First Inventorship – At trial, Justice Snider dismissed Apotex’s argument that the Adir scientists were not the first inventors of the '196 patent for two reasons: a) Apotex had failed to establish the existence of a "missed conflict" required by s. 61(1)(b); and, b) Apotex had failed to demonstrate that the invention had previously been known or used by another. The FCA found that there was no palpable and overriding error in Snider J.’s "painstaking" review of the evidence which led her to conclude that there was no evidence to show that another (Dr. Smith) was the first to know or use the invention of the '196 patent. The FCA confirmed that to have done so, Dr. Smith must have "planted [her] flag at the precise destination before the patentee" which included either demonstrating or soundly predicting utility of the claimed invention. In view of this finding, the FCA did not need to address section 61(1)(b).

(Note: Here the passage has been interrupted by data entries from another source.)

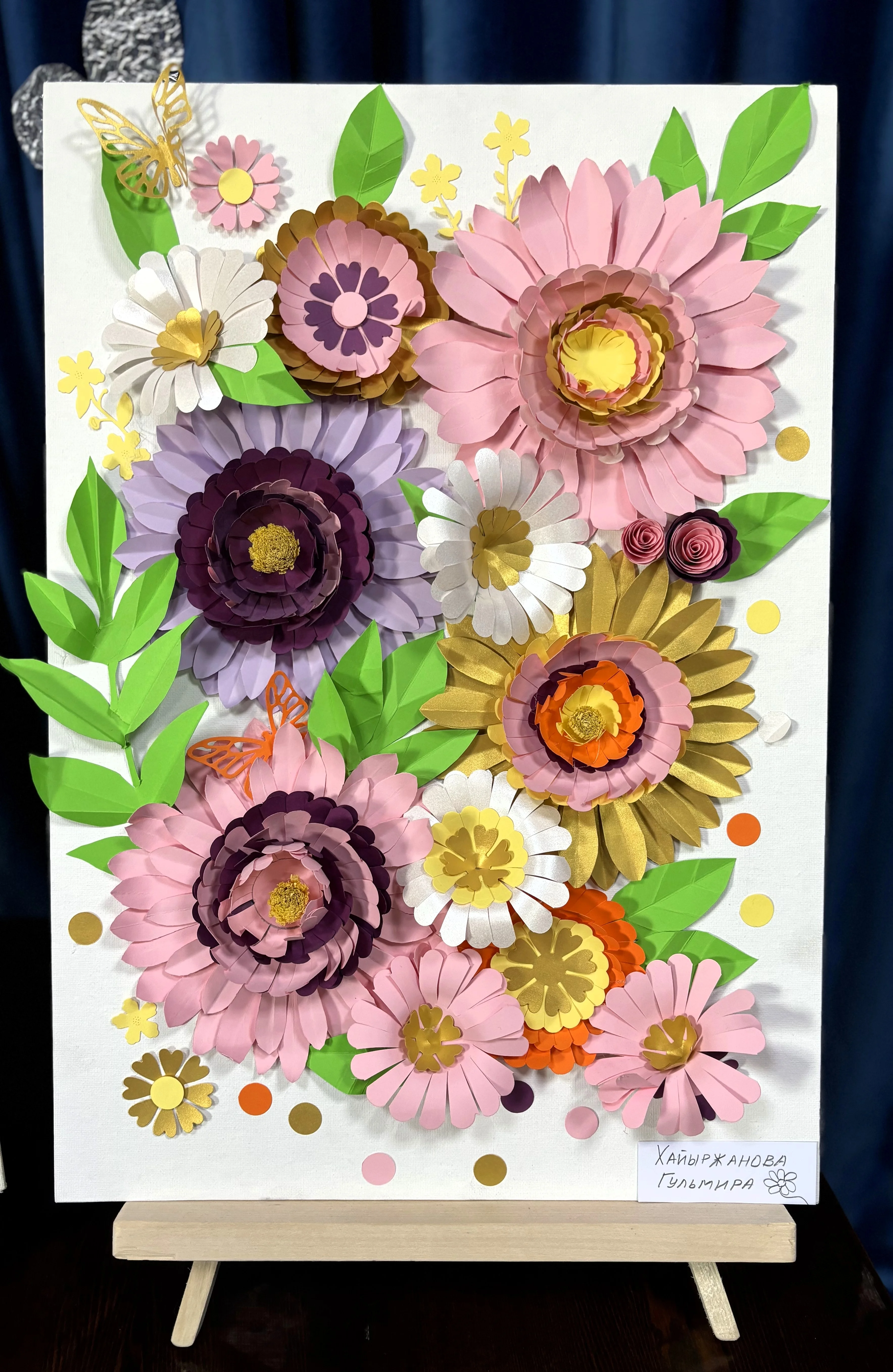 - Большое спасибо за приглашение. Моя работа - цветочная, она про настроение, про легкость и воздух. Помимо преподавания, я увлекаюсь аппликацией. Наверное, потому что работаю с детьми, это чувство весеннее, само идет в руки, - поделилась Гульмира.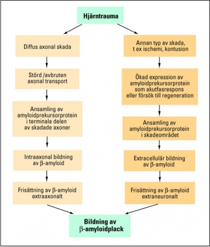 Litteraturen talar för att såväl akut traumatisk hjärnskada som CTBI-B leder till neurokemiska förändringar liknande dem vid Alzheimers sjukdom, och att samma sårbarhetsgen (APOE) är av betydelse för CTBI-B och Alzheimers sjukdom. Ett flertal epidemiologiska studier har också visat att tidigare hjärntrauman är en tydlig riskfaktor för Alzheimers sjukdom [72]. Vad är då känt om APP och (beta)-amyloid (de proteiner som anses vara centrala vid Alzheimers sjukdom) vid hjärntrauma?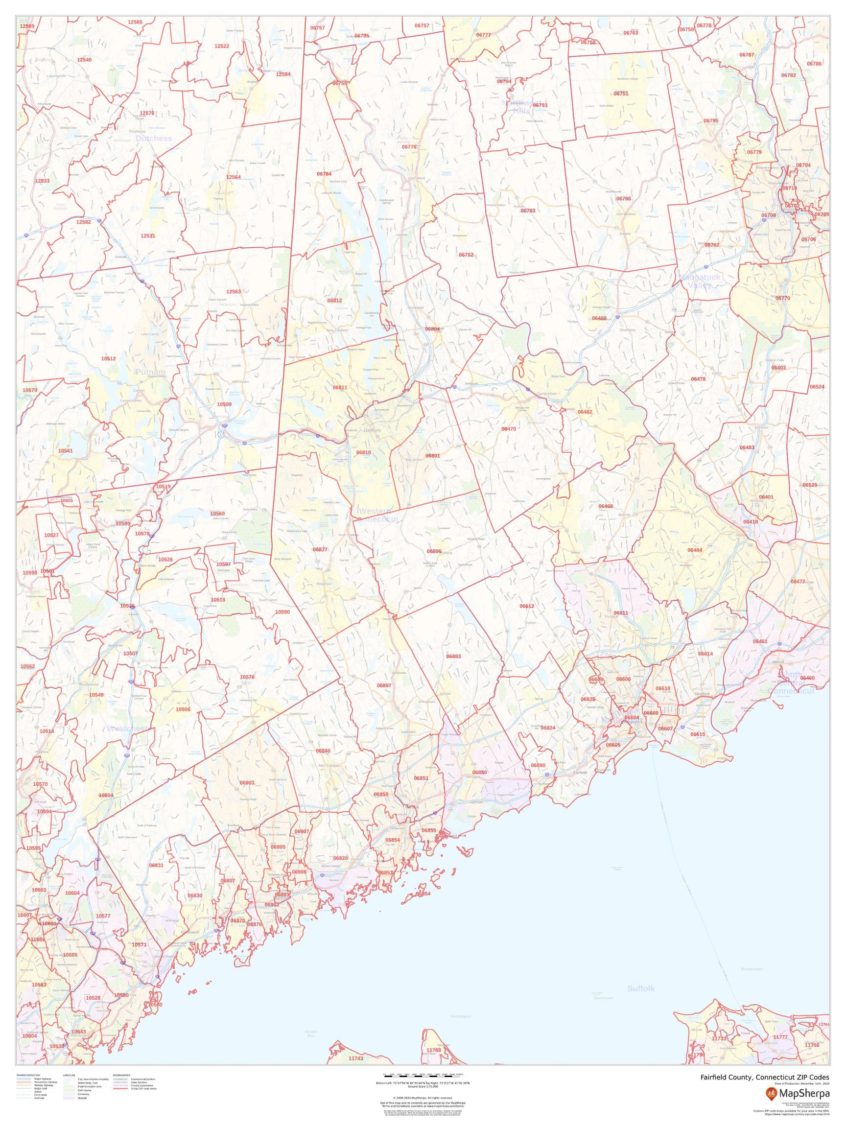 This map of Fairfield County, Connecticut shows ZIP code areas overlaid on a road map. Ideal for planning of deliveries, home ervices, sales territories, real estate and much more. Base map features include all roads with major roads and highways labelled; neighborhood names; railways; and high level land use such as parks and recreation areas, industrial areas and hospital campuses.

Utility – The FCA held that the promise of a patent is an aspect of claims construction and therefore a question of law generally requiring the assistance of expert evidence, as in this case. The FCA upheld Justice Snider’s finding that the '196 patent promised enzyme inhibition and that therapeutic use was possible but not guaranteed. The FCA also upheld her finding that the abstract cannot be used to construe the promise of the patent (section 175 of the Patent Act). The FCA agreed that the trial judge ought not to have limited the promise to in vitro enzyme inhibition and struck "when measured in vitro" from her conclusion. However, that error did not affect the outcome.

Sound Prediction – The FCA upheld Snider J.’s determination that a patent does not need to soundly predict how to make the invention. Rather, “the sufficiency of disclosure is the appropriate line of inquiry to sustain an allegation that the subject-matter of a patent could not be made.”

Claim 5 Corrections – The FCA found there to be no reason to interfere with Snider J.’s factual findings and that a review of the evidence leads "inescapably" to the conclusion she reached.

Competition Act – The FCA noted that it has repeatedly held that undue impairment of competition cannot be inferred from evidence of the exercise of rights under the Patent Act alone. Apotex’s arguments were based on "speculation" and it failed to demonstrate a palpable and overriding error. The FCA held that there must be “something more” than the mere assertion of patent rights to sustain a violation under s. 45 of the Competition Act. The FCA had "some difficulty conceptualizing that an agreement effecting a remedy that was open to the court to grant and was placed before the court for its approval could constitute an offence under the Competition Act."


The decision has not yet been posted, the citation will be 2009 FCA 222.